3.1.1 Abstract Data Model
This section describes a conceptual model of possible data organization that an implementation maintains to participate in this protocol. The described organization is provided to facilitate the explanation of how the protocol behaves. This document does not mandate that implementations adhere to this model as long as their external behavior is consistent with that described in this document.
The protocol requires that the DC MUST have a database or directory of accounts with authorization information available to it.
The NTLM abstract data model is specified in [MS-NLMP] section 3.1.1. The Netlogon abstract data model is specified in [MS-NRPC] section 3.1.1.
The NTLM server uses the following configuration values:
LogonAttempts: A 32-bit unsigned integer that contains the total number of logon attempts since the last restart.
NTLMServerDomainBlocked: A Boolean setting that SHOULD<3> control the NTLM server that is responding to NTLM authentication requests.
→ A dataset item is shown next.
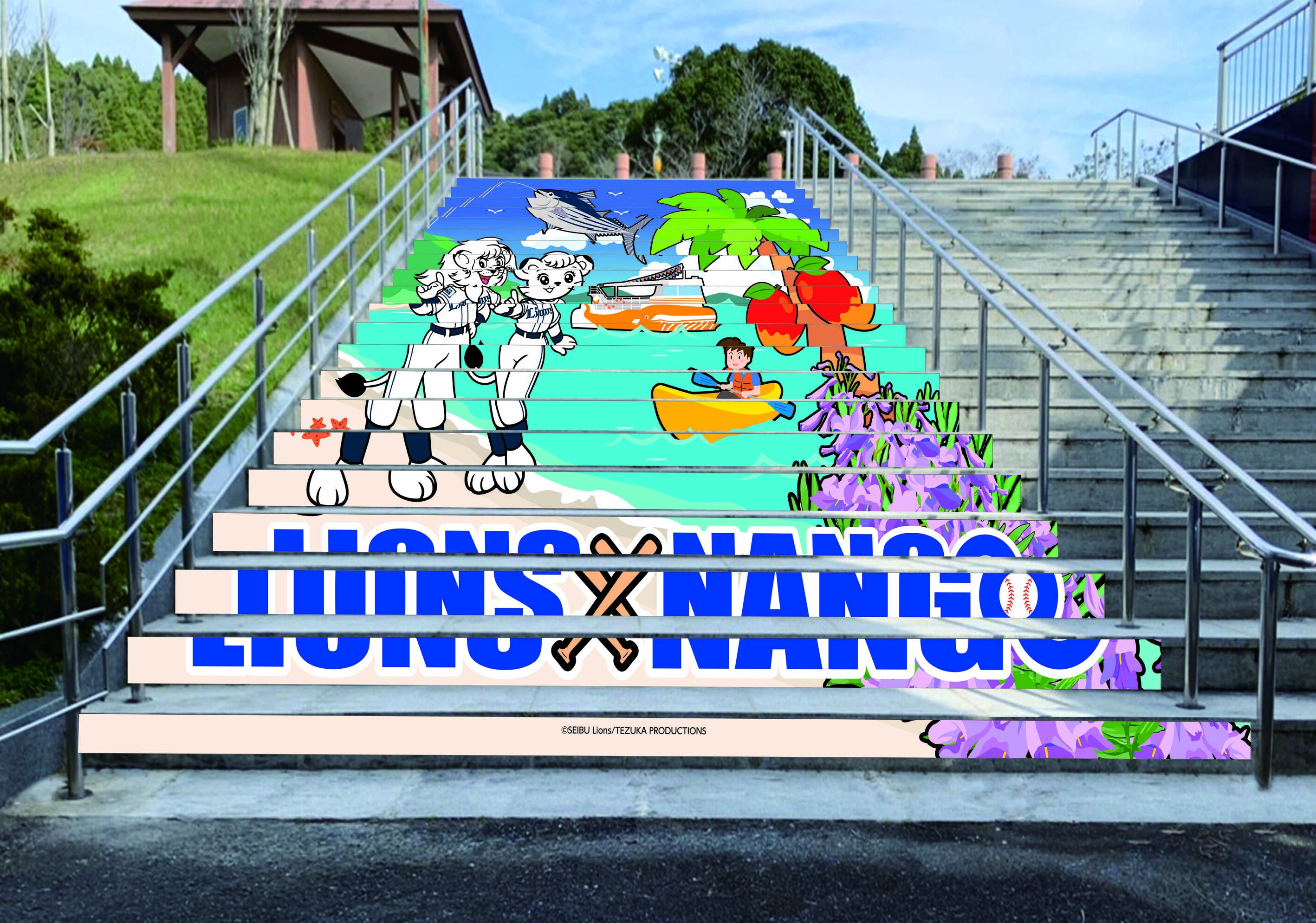 クラウドファンディングも残り2日となりました。今まで多くの方にご支援を頂きました。本当にありがとうございます。今回は実際に階段アートの立体図をご紹介します。以前デザインを公開しましたが、階段に張り付けるとこのようなイメージになります。南郷の特産品やライオンズのレオとライナも描かれていて、可愛いデザインとなっております。高校生がデザインしたものがこのような形で残るとすごく嬉しいですよね、、残り2日ですが、まだまだご支援を受け付けております。ラストスパート、高校生も頑張っておりますので、引き続きよろしくお願いいたします!

When set to TRUE, this setting disables the NTLM server from sending NTLM pass-through authentication messages (section 3.1.5) to any DC.
For NTLM server implementations that use an authorization model that is based on a security identifier (SID), the server maintains the following parameter for each security context:
ImpersonationAccessToken (Public): A Token/Authorization Context (see [MS-DTYP] section 2.5.2).
The DC SHOULD<4> use the following configuration values:
AccountDCBlocked: A Boolean setting that controls the DC responding to NTLM authentication requests. When set to TRUE, this setting disables the account domain DC from responding to NTLM pass-through authentication messages (section 3.1.5).
ResourceDCBlocked: A Boolean setting that controls the DC responding to NTLM authentication requests. When set to TRUE, this setting disables the resource domain DC from sending NTLM pass-through authentication messages (section 3.1.5).
DCBlockExceptions: A list of server names that can use NTLM authentication.
The NTLM server MAY<5> use the following configuration value:
AllowComputerLogon: A Boolean setting that indicates that the caller wants to authenticate a computer. Setting this flag results in the K bit being set in LogonInformation.LogonNetwork.Identity.ParameterControl.